SUPPLIED MATERIAL.
=======

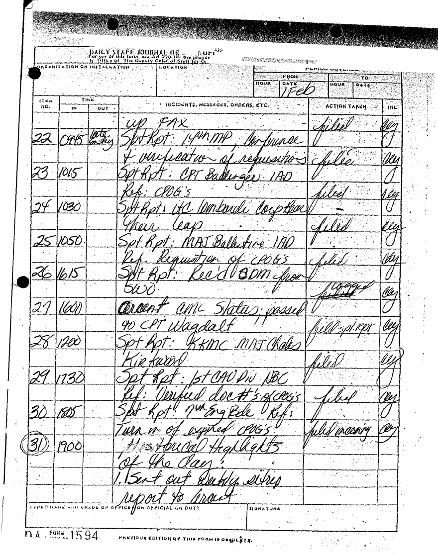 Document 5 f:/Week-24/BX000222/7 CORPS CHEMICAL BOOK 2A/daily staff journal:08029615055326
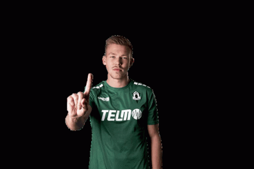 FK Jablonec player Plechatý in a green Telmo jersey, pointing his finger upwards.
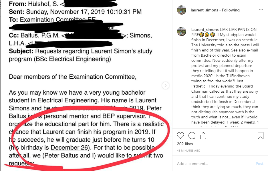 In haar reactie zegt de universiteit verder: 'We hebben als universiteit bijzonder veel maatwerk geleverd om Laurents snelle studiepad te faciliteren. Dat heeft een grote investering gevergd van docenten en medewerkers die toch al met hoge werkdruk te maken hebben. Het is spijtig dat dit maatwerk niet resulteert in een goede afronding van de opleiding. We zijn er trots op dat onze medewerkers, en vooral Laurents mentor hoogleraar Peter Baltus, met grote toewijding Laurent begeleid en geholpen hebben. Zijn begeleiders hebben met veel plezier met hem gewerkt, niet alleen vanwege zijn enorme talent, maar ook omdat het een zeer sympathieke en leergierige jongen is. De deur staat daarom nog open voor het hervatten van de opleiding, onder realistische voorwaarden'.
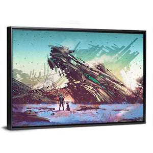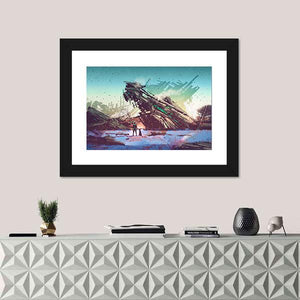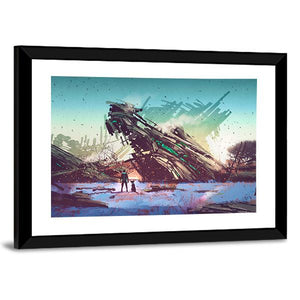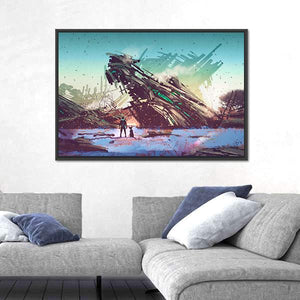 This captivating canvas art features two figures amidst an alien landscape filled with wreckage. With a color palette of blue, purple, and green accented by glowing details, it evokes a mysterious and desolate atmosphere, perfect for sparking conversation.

=======

REQUIREMENT. Only the lines from the start of the material to the line with "FK Jablonec player", inclusive, belong in the answer, printed exactly and free of pictures.

ANSWER FOR THE TASK.
 Document 5 f:/Week-24/BX000222/7 CORPS CHEMICAL BOOK 2A/daily staff journal:08029615055326
 FK Jablonec player Plechatý in a green Telmo jersey, pointing his finger upwards.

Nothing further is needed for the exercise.